The morning that the news of the Karachok attack was making its rounds in the international media, I felt heartbroken to realize that I knew not only the location of the attack – as it had been the last place I visited in Syria – but also several of the fallen hevals. One of these was a YPJ fighter known as Destan.

She had left a lasting impression on me when I met her in Derik along with her siblings. I remember that they all teased me as to why I hadn’t learned Kurdish yet (I tried my best to insist that 2 weeks in the country wasn’t long enough to pick up the language). She was curious about the revolutionary struggle in the US, and through translation we managed to have some fascinating conversations. Her words about the YPJ have stayed with me, and it was these sentences that I remembered upon seeing her face across the internet, emblazoned on a shehid poster: ‘There are actually similarities between the YPG and YPJ and Daesh. I mean that in the sense that we both fight without fear. But while Daesh fights because they want to die – to go to paradise – we fight because we have something to live for.’
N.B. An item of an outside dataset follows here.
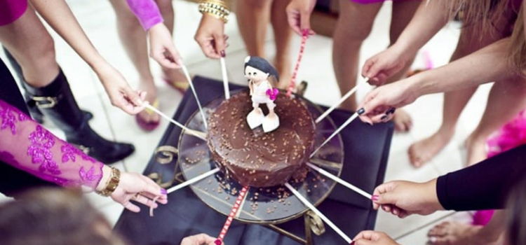 - Histórias de amizade: as convidadas escrevem em um papel algum momento engraçado que viveram junto com a noiva, sem identificar seu nome. A noiva vai pegar os papeis de uma caixa, aleatoriamente, e adivinhar quem escreveu. Se errar, paga uma prenda. Se acertar, a convidada paga a prenda;

It was a moment to be remembered, like so many on a daily basis in Rojava. It wasn’t just what she said, but the manner in which she said it. This wasn’t just propaganda that was spat out by the party, absorbed by its cadres and then spat out on an individual level. This was something she truly believed. Even with the language barrier obviously causing some issues in terms of understanding, body language doesn’t lie. Her sincerity in everything she said and did was beyond dispute.

Heval Destan’s death is a blow to humanity. I mean that not just poetically, or because it sounds romantic, or because I want to exaggerate her significance. Her demise at the hands of Erdogan’s anti-women government was an attack upon the women’s liberation movement globally. The Kurdish struggle is very adamant about their revolution being about more than just the liberation of ‘their’ people, but being the vanguard struggle for the entire planet. It’s an assessment I agree with, and Destan’s words in an interview she conducted a few years ago retain their validity today, even after her murder: ‘I hope that Kurdish women can inspire women all over the world. We are not only fighting for Kurdish women but for women all over the world.’

I don’t truly know how to do justice to the legacy of the comrades like Destan and the countless others who have been taken from us prematurely either at the hands of the reactionary Turkish state or the faux-caliphate of Daesh. I’m reminded of something that was said to me on numerous occasions in Rojava about who is and who isn’t a revolutionary. Even those I encountered who have been committed members of the Kurdish revolutionary movement for decades did not regard themselves as revolutionaries. I asked one YPG fighter why they refused to identify themselves this way. ‘Well, you have to see it this way. The only ones we see as revolutionaries are the shehids. We know that they died revolutionaries. Until one does, there is the chance they will abandon or betray the revolution. But the shehids never committed treason. They stayed true to the end.’

Heval Destan, as well as the other 21 murdered at Mount Karachok, were the truest of revolutionaries. It is a path to aspire to, not only for those living and fighting in Rojava, but for the whole of progressive humanity. To live by the values and ethics of the society that we desire to create will be our revenge in the face of the forces of darkness.